Действительно, губернатор Эмин от 18-го февраля представлял главнокомандующему:
«По получении предписания вашего сиятельства, поспешил я известить о содержании оного г. генерала барона Спренгтпортена и вручить ему копию. Его высокопревосходительство, по случаю отсутствия барона де-Геера, пригласил его в Ловизу и вчерашнего числа в присутствии моем предлагал учинить с депутатами присягу упомянутому барону. Сей, начав колебаться, объявил наконец, что он и другие помещики приступить к сему делу страшатся крестьян своих, и что надобно прежде привести к присяге поселян. А как подобный отзыв не соответствовал прежнему, как предполагать должно торжественно им изъявленному намерению, и несообразен с высочайшею волею, а притом побуждение к тому крестьян и прочих жителей другим, кроме предписанного, образом, т. е. привода барона де-Геера и двух депутатов, и после употребления содействия их к склонению к тому и прочих жителей, не имею я повеления, — то и счел я долгом объясниться об оном с его высокопревосходительством, который с своей стороны отъезжая ныне к вашему сиятельству объявил мне, что он не оставит, заехав к отбывшему вчерашнего же числа барону де-Гееру, представить обо всем в подробности вашему сиятельству, для положения на мере образа приведения к концу предприятия оного».
Гр. Буксгевден, естественно, не мог не быть озадачен этим оборотом дела, о котором он знал совсем в другом смысле не только от Спренгтпортена, но и от министра иностранных дел, и которое было так сказать освящено исключительными знаками монаршего внимания.

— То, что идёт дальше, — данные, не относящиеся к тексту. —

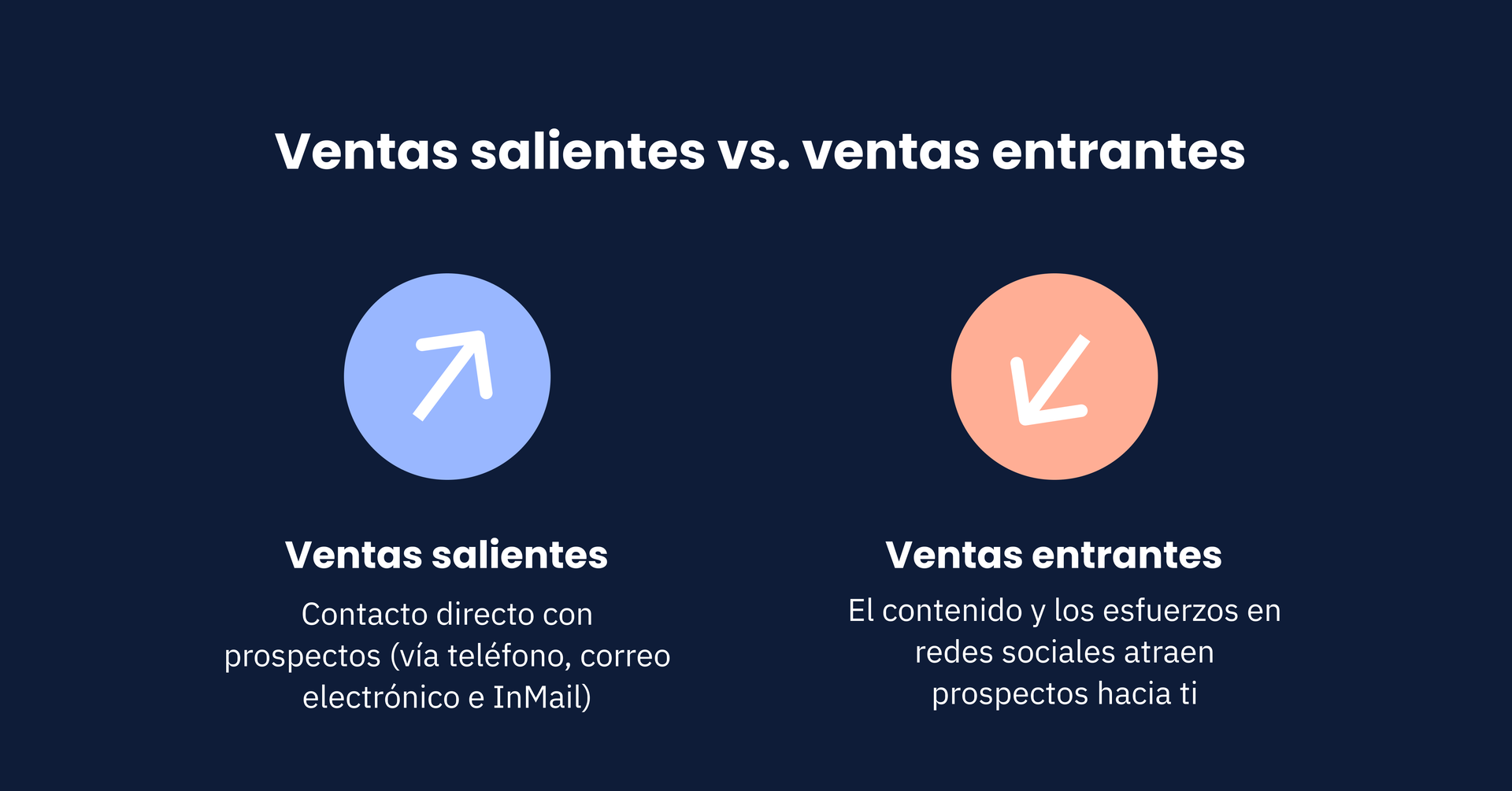 En el mundo entrante, el enfoque es atraer prospectos a tu empresa. Los equipos de marketing son responsables de la generación de prospectos, aunque los SDR (representantes del desarrollo de ventas) suelen precalificar a los prospectos antes de que se realice una demostración.

«Предлог сей, — писал он гр. Румянцеву в той же бумаге 22-го числа, — толико странным мне кажется, что нахожусь в нерешительности, отнести ли оный перемене в расположении барона де-Геера, чему однако, особенно при дальних успехах наших, причины не вижу, или неясному намерений его объяснению сделанному вашему сият-ву от барона Спренгтпортена, истолковавшего при представлении мне барона де-Геера желание его в такой же силе, — или же торопливости, с какою барон Спренгтпортен видит иной предмет по живому воображению своему, во всяком случае спешу о сем уведомить ваше сиятельство, дабы предупредить непосредственной к барону де-Гееру посылке всемилостивейше назначенного ему награждения».
Гр. Буксгевден, не получив еще тем временем бывших уже в дороге рескриптов, просил гр. Румянцева препроводить их к нему для передачи, по принадлежности лишь тогда, когда будет принесена требуемая и обещанная де-Геером и депутатами присяга.